A Novel Materials Approach to EV Battery-Box Design
CSP readies its new multi-material battery enclosures for 2021 production.
A battery enclosure that features a single-piece, metal-reinforced composite tray and one-piece composite cover is a step closer to an electric vehicle (EV) production application. “We’re currently in pre-production with our multi-material enclosures and anticipate production launch on a new vehicle in late 2021,” said Mike Siwajek, vice president of R&D for Continental Structural Plastics (CSP).
“Several leapfrog advancements are provided with our battery enclosure technology,” he said during a December online presentation from the supplier’s 47,500-ft2 Advanced Technologies Center in Auburn Hills, Michigan. CSP is North America’s largest manufacturer and molder of composite materials. The company has produced more than 30 different composite battery-box covers for EVs in China and North America, including the Chevrolet Spark EV.
The move from supplying battery box covers to fully assembled, multi-material battery enclosures is in full swing. CSP technical specialists are prototyping 1.5 x 2-meter trays and covers that are “about the size of almost every vehicle manufacturer’s battery box,” noted Hugh Foran, CSP’s executive director of new business development. The composite trays and covers are made from production-grade molds that are chrome-plated for wear durability. The material’s charge pattern is cut from a slither table, while a 4,000-ton press with leveling and vacuum capabilities completes the in-house production process.

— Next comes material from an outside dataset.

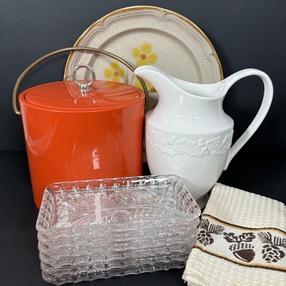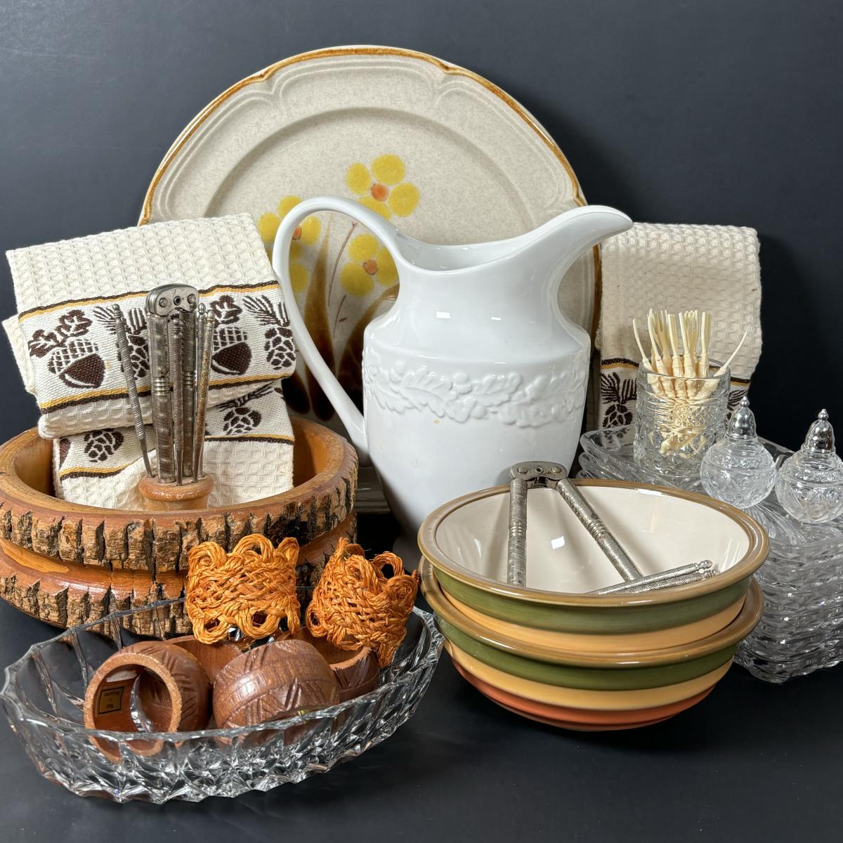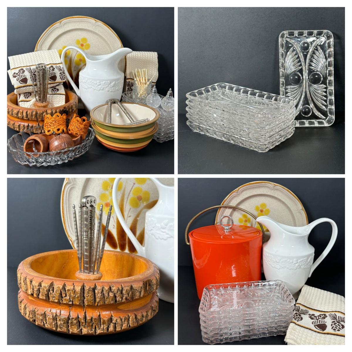 LOT 110: MCM Vinyl Ice Bucket, Wooden Nut Dish w/Nut Crackers/Picks Princess House Crystal Appetizer Trays, Imperial Crysal & More

CSP presently has four different composite material options for the cover and the tray. There are different material options for electromagnetic interference (EMI) and radio frequency interference (RFI) shielding systems. The company has pending patents for box assembly and fastening systems. CSP also has patents on its frame technology relating to crash performance.

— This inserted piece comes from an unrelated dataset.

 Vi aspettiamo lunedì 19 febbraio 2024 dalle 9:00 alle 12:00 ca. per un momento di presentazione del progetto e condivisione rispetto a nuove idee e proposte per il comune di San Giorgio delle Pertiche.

“For crash worthiness, we’ve experimented with varying woven materials and types of glass in different percentages. And we’re using our in-house design capabilities to optimize the battery pack’s structural frame design,” Siwajek explained.
Most of the EV industry’s battery trays are made entirely of metal and can weigh more than 1,000 lb/454 kg including the batteries. CSP’s lightweight composite counterpart, reinforced with aluminum and steel, has advantages. “We can mold in attachments and sealing grooves and do unique design geometries to make it a leak-proof, sealed system,” Siwajek explained.

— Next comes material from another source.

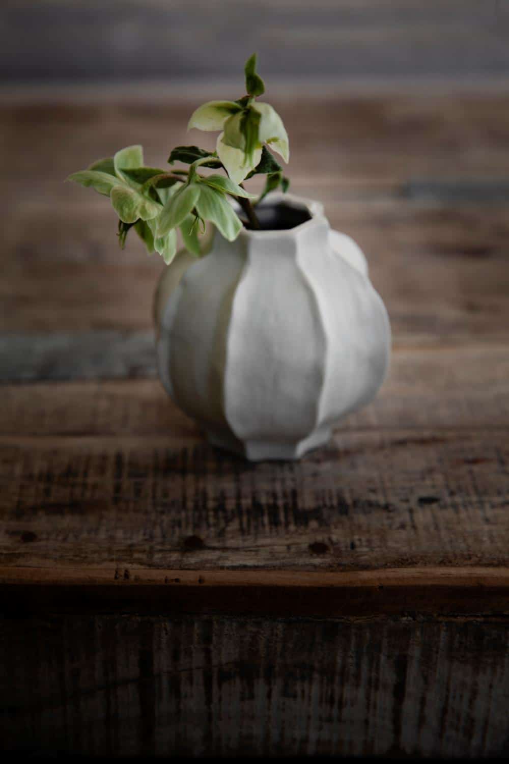 En liten, fin stentøysvase som passer til mindre buketter. Fine detaljer i form av skulpturelle linjer gir vasen et unikt uttrykk.

Unlike metal trays that require multiple welds and fasteners, the CSP one-piece composite tray has no through-holes. “We can incorporate molded-in cored holes,” Foran said, “which are not through holes, and we can use hi/low threaded fasteners to assemble attachments.”
In case of thermal runaway, high temperature resistance is a critical requirement for battery boxes. To recreate a thermal runaway event, CSP worked with an automaker and a third-party testing lab. Their novel thermal runaway test involved a single lithium-ion cell, housed inside a cylinder, rupturing after a short circuit. “That rupture focused the blast reaction upward and into a sheet molding compound (SMC) panel, but the composite panel retained its integrity and withstood the blast that produced a temperature of more than 1500 C,” Siwajek said.
CSP’s materials R&D team has formulated multiple proprietary materials to address thermal issues. Each of the material chemistry options including a phenolic system can be used with different fiber types or formats (including glass/carbon/blended, chopped and/or continuous), and can be formulated to meet volatile organic compound (VOC) requirements.